Media Skills

Music, voice, and image generation for OpenClaw

Media skills add music control, text-to-speech, and image generation to OpenClaw. Install from ClawHub with openclaw skills install <skill-name>.

Music and Audio

  • Spotify - Music playback and search
  • Sonos CLI - Control Sonos speakers
  • Speech / TTS - Text-to-speech and speech. Voice

Image generation

Skills in this category call external image APIs (DALL·E, Stable Diffusion hosts, etc.). The agent can generate or edit images when you ask in chat—useful for thumbnails, mockups, and social posts. Pair with Content creation for workflow ideas.

  • Search ClawHub for image, dalle, or flux skill names.
  • Review API keys and per-image cost before enabling in production.

Install and enable

  1. Browse clawhub.ai/skills or ClawHub guide.
  2. Follow safe install checklist for community packages.
  3. Run openclaw skills install <skill-name> and confirm with openclaw skills list.
  4. Restart the Gateway if the skill docs require it.

Voice-specific setup (wake word, TTS) is covered on Voice and Voice setup tutorial.

Other categories

Productivity - Calendar, Gmail, Todoist.

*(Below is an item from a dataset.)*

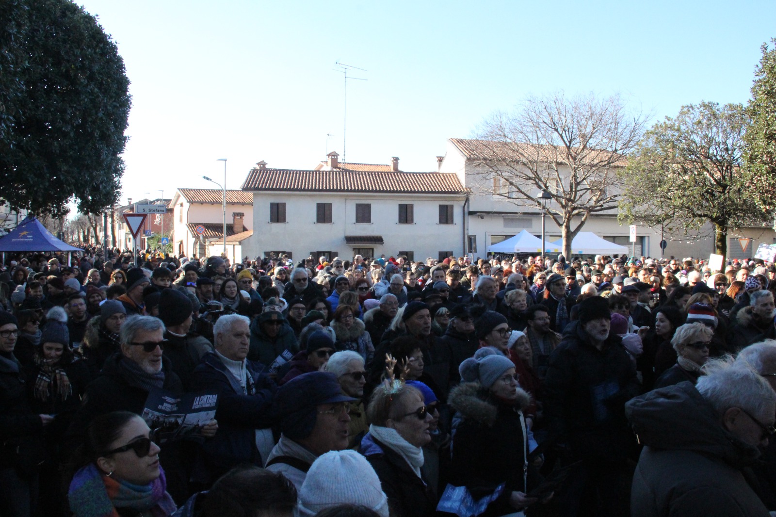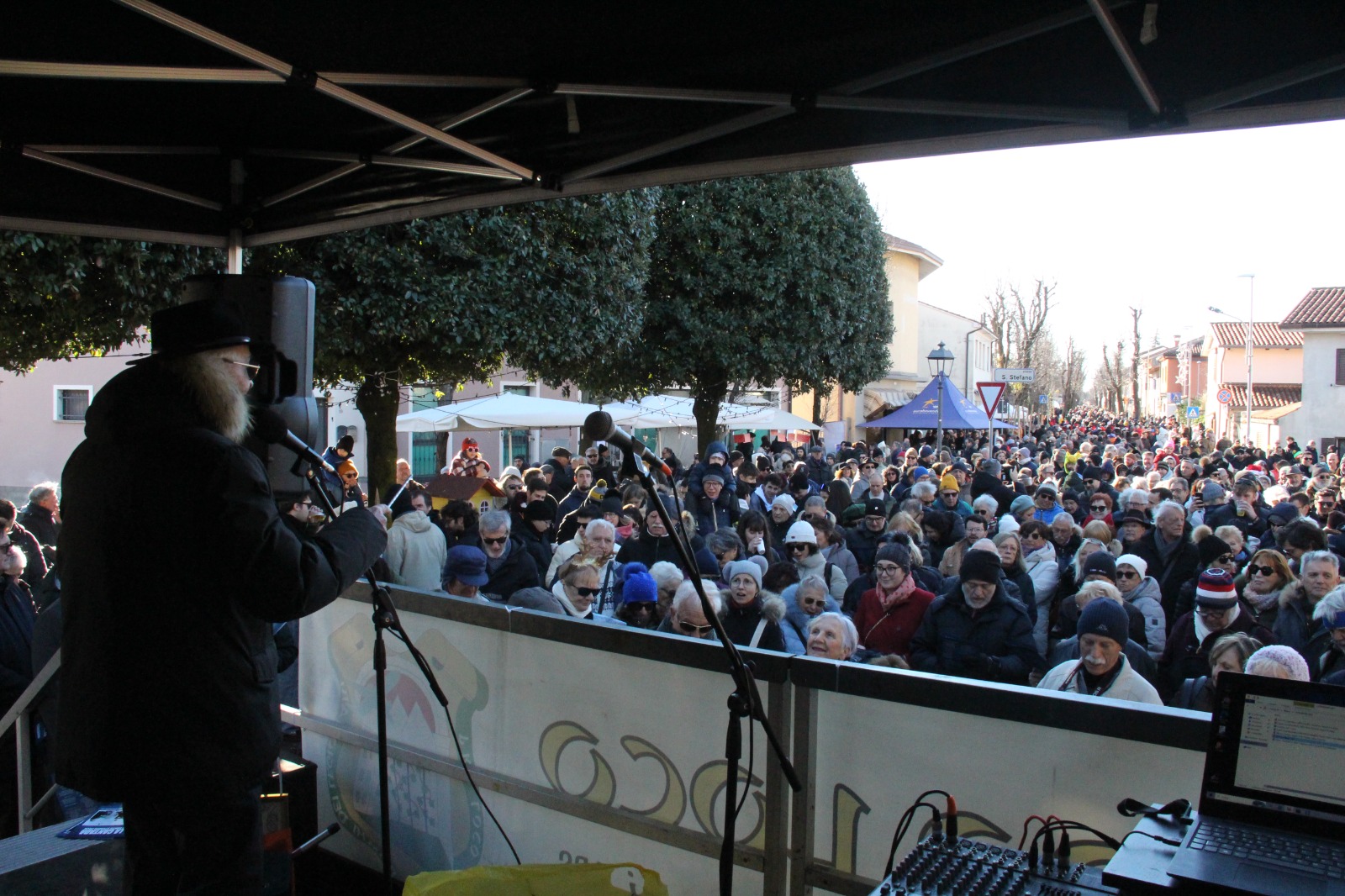 Folla festosa immancabile stamane , venerdì 26 dicembre, a Vermegliano per il consueto tradizionale appuntamento post-natalizio della festa di Santo Stefano. Tante le piccole bancarelle e i cortili delle case aperti a festa lungo le strade della frazione ronchese; pronti e imbanditi anche i numerosi stand affianco alla chiesa nuova di Santo Stefano. Proprio nella parrocchiale di viale Garibaldi ha avuto luogo, alle 10, il primo appuntamento della giornata, quello religioso. Quest’anno la messa patronale è stata officiata da don Giovanni De Rosa, concelebrata da monsignor Ignazio Sudoso e dai vicari parrocchiali don Luigi Fontanot e don Marco Zaina. «Santo Stefano testimoniava la fede con la sua stessa vita, non solo con le parole ma anche con i gesti»: così ha esordito don De Rosa durante l’omelia, ricordando il martire come una figura che «si è sempre distinta per il suo servizio umile e fedele verso il prossimo». Don Giovanni ha pure fatto riferimento ad alcuni giovani presenti in chiesa che, assieme ad altre persone, «sono qui oggi per ricordare e festeggiare un martire come Santo Stefano». La celebrazione è stata quindi un momento per poter approfondire la figura del protomartire e ricordare l’eredità che «ancora oggi ha lasciato tutti noi».

Dev and Infrastructure - GitHub, Docker, n8n. Research - Web search, deep research. Media - Spotify, Sonos, voice. Channels - Slack, Discord, WhatsApp. All Skills - Full list.

Permissions and tokens

Media skills need OAuth or LAN tokens. Store via Secrets. Test on a private channel before enabling playback in public rooms.

Latency and LAN

Sonos and LAN TTS skills fail when the Gateway runs in a remote VPS but speakers are at home—run those skills on a Gateway that can reach your LAN or use cloud TTS instead.